I had famd init script displayng [!!] at shutdown/reboot or on "/etc/init.d/famd stop". I found that the reason why famd couldn't get stopped, was that it never really got started during boot: although it said "[ok]" on the boot screen and the init-script told it was started, looking at processes with "ps -A" soon after logging-in showed no "famd" process running, and that was why gnome's nautilus didn't "auto-refresh" file-lists. I modified famd's init script (/etc/init.d/famd), removing "--background" from the line that originally stated... [code]start-stop-daemon --start --quiet --exec /usr/sbin/famd --background \[/code] ...and this worked for me. However, I don't know why... :) ... : "--background" is a start-stop-daemon's option to force to background those programs which don't have this option of their own; although famd doesn't seem to need to be called with the "--background" option (since it goes background by default, unless you start it with "-f" option), "--background" could be "redundant", not fatal; *and* when famd gets called *manually* (ie after logging-in) via start-stop-daemon *with* the "--background" option, it starts no problem. The "--background" option seems to "break it" only when the init script is called automatically during boot... don't know why. Reproducible: Always Steps to Reproduce: 1."rc-update add famd default" 2.reboot 3.try "ps -A|grep famd" and "/etc/init.d/famd stop" Actual Results: I got no output from "ps -A|grep famd" :) and "/etc/init.d/famd stop" gave "[!!]" Expected Results: "ps -A|grep famd" should have returned something like "5650 ? 00:00:00 famd" and "/etc/init.d/famd stop" should have said it was all [Ok] :)

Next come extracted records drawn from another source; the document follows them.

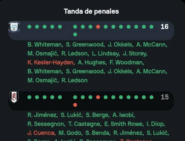 然而,普雷斯顿的后卫凯斯勒-海登的点球被富勒姆门将本达化解,比赛陷入胶着局面,双方不得不继续互射点球。点球大战一直持续到第17轮,富勒姆的卡斯塔涅失去良机,而普雷斯顿队长勒德森稳健命中,最终导致富勒姆遗憾地输掉漫长的点球大战,结束了在本赛季联赛杯的征程。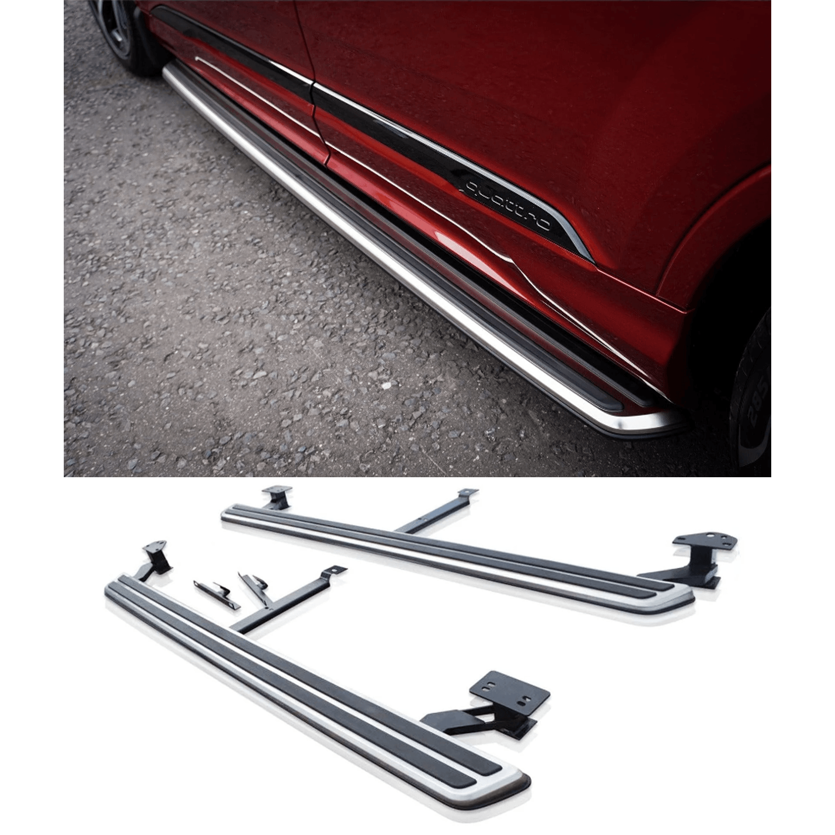 Fitment of the running boards is straightforward as the brackets will line up with the original mounting points on the vehicle, everything necessary for fitting is included in the purchase (steps, brackets, nuts, bolts and washers).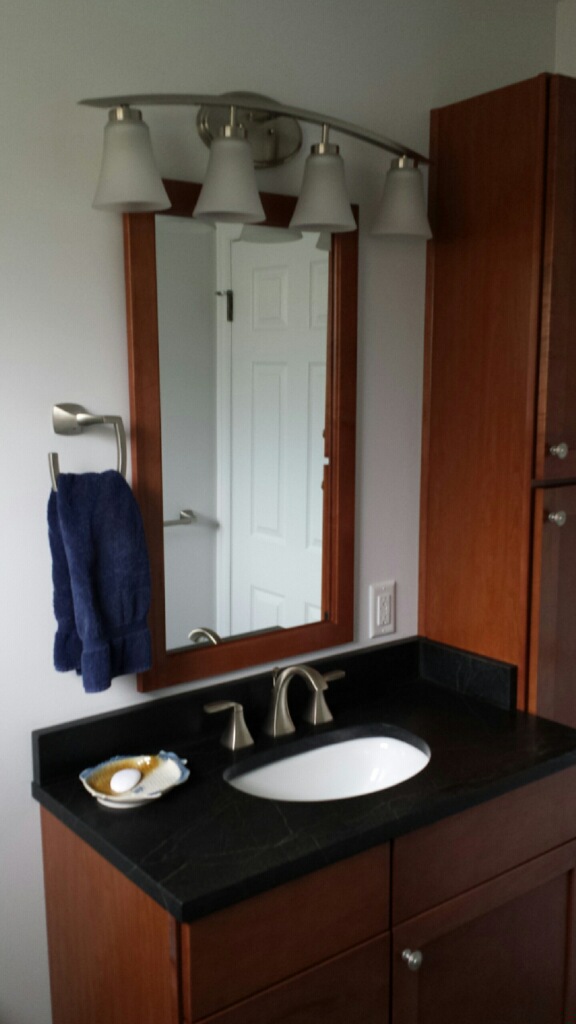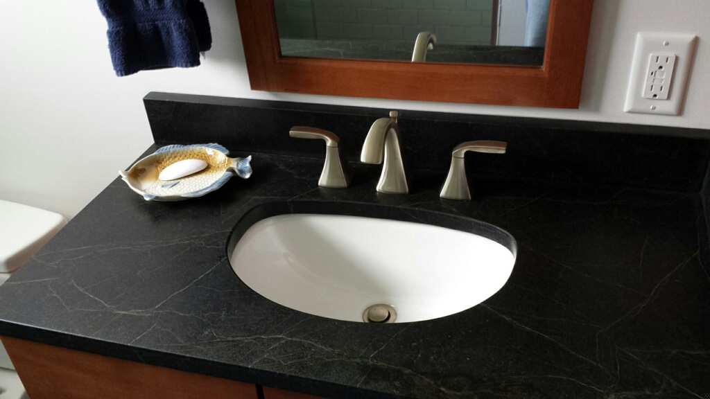 After…Soap stone top with reduced depth undermount bowl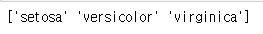 feature_names는 4개의 특징 값이 의미하는 바를 나타내며 꽃의 꽃받침 길이, 꽃받침 너비, 꽃잎 길이, 꽃잎 너비를 의미하는 것을 알 수 있다.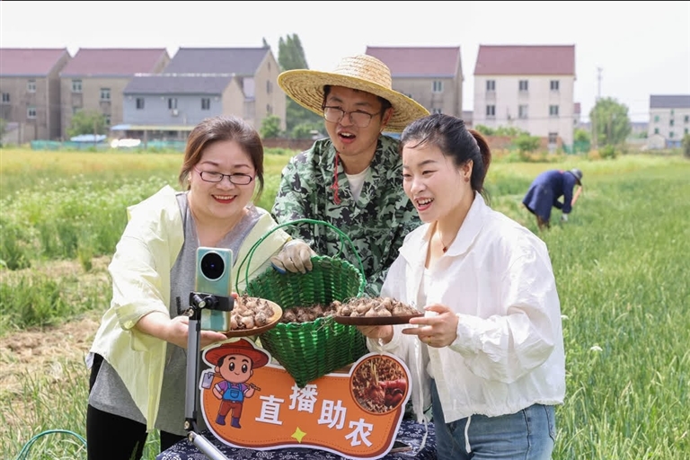 5月6日,新安镇成校直播班的学员在下舍村藏红花种植基地内直播带货,为当地农特产品打开销路。近年来,“直播+电商”搭建了销售新渠道,凭借“小屏幕”打开“大市场”,有效带动当地特色农业产业发展,助推当地农特产品出村,助力乡村振兴。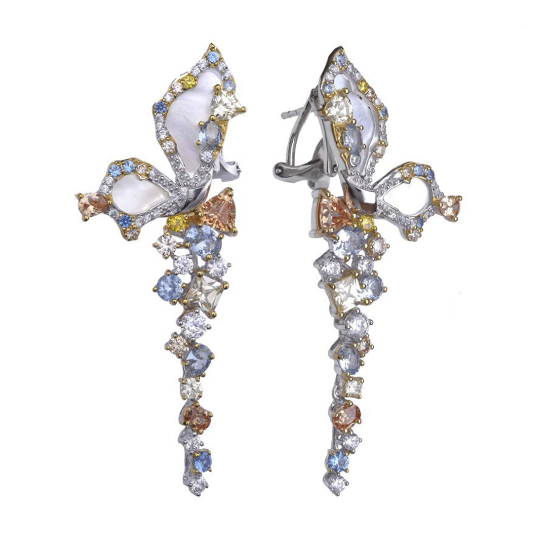925 proves sudrabs, rodija pārklājums,  krāsaini kubiskie cirkoni, perlamutrs.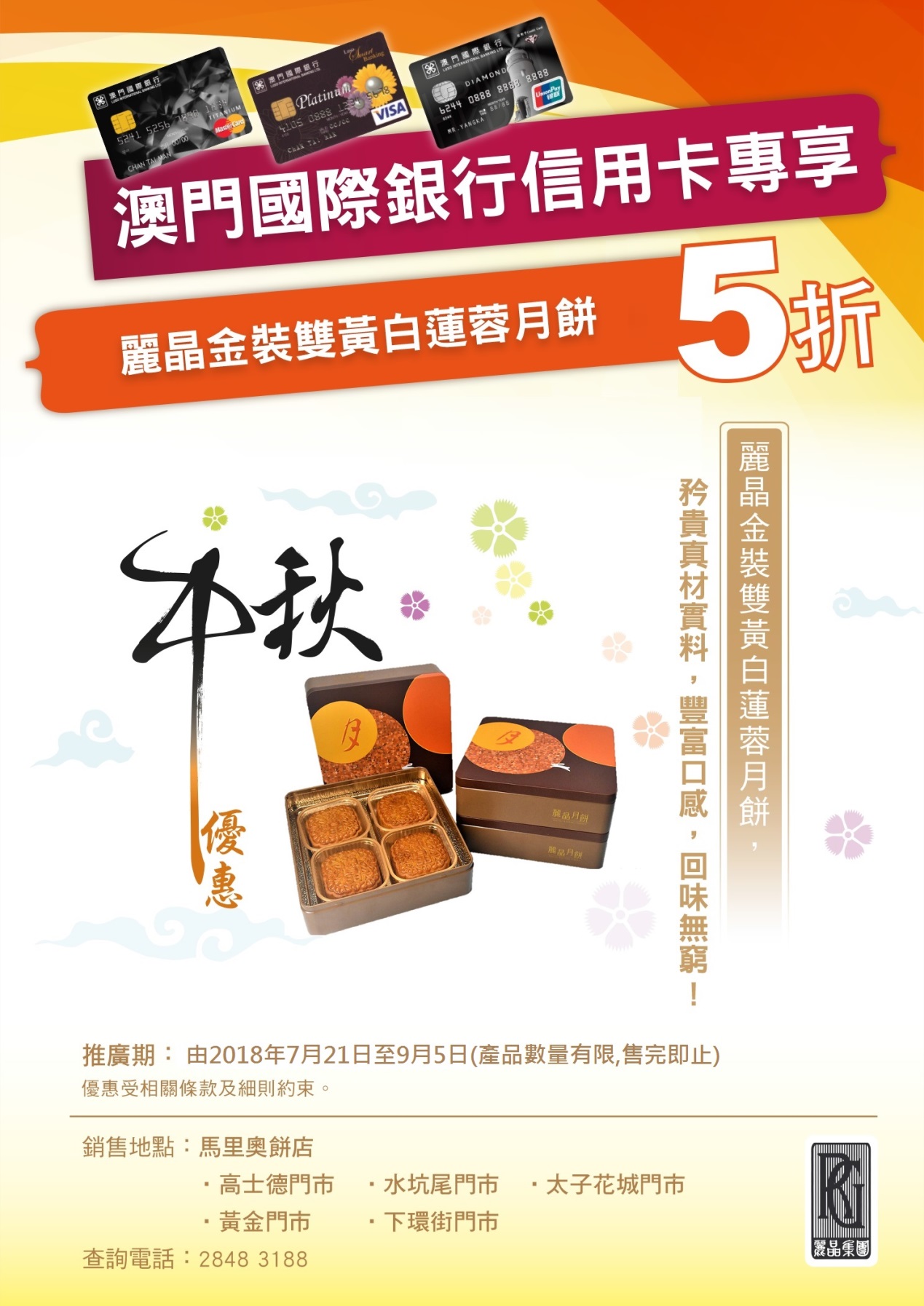 澳門國際銀行信用卡專享 - 麗晶金装雙黃白蓮蓉月餅5折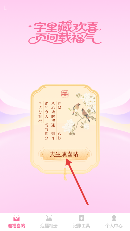 1、在迎福喜帖页面,点击【去生成喜帖】按钮,开启喜帖生成流程。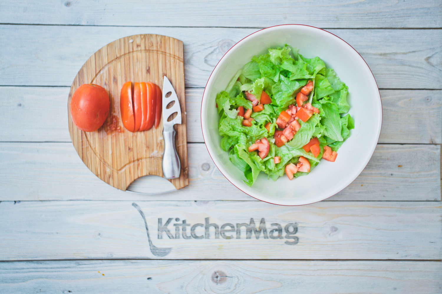 Фотография:  в стиле , Обед, Ужин, Салат, Жарить, Сырым, Птица, Помидоры, Зелень, Кулинарные рецепты, 15 минут, Пришли гости, День рождения, Готовит KitchenMag, Американская кухня – фото на INMYROOM
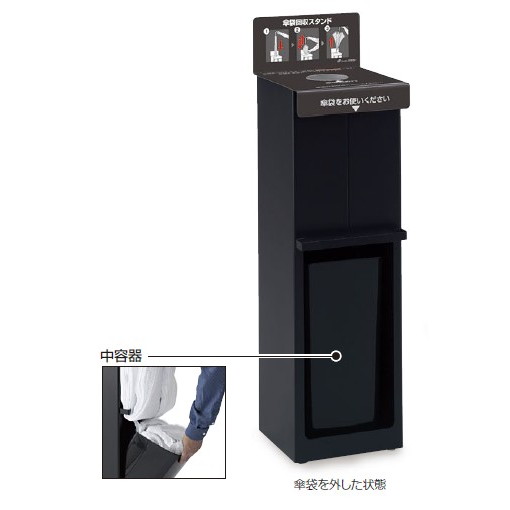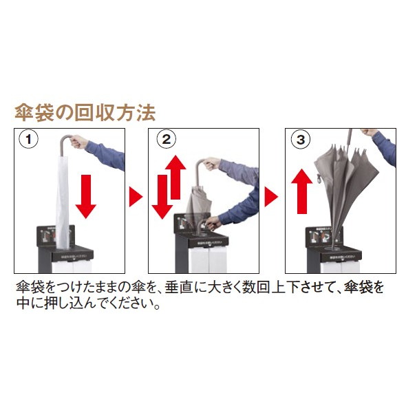 ●傘を差し込むだけで、手を濡らさずに簡単に傘袋を回収します。

*** Bug 64030 has been marked as a duplicate of this bug. ***
looks like there's some merit in this suggestion, there's no need for --background since famd does switch into the background unlike the old fam.
I also have the same problem. I tried removing the --background and that seemed to stop my famd from dying. I noticed it dies when I access nfs shares from a remote machine otherwise. -- I only did some minor tests, so I dont know if removing --background really prevents it -- definitely doesnt hurt though. This seems quite a blocker really. Everytime famd dies, I get flooded with "famd[10233]: connect: Connection refused" in /var/log/messages and its just a pain in the ass :)
removed --background from the init script, think it was a left-over from older times.
famd died after this afternoon again :( -- I guess this is unrelated, but any pointers of how to track issue would be nice.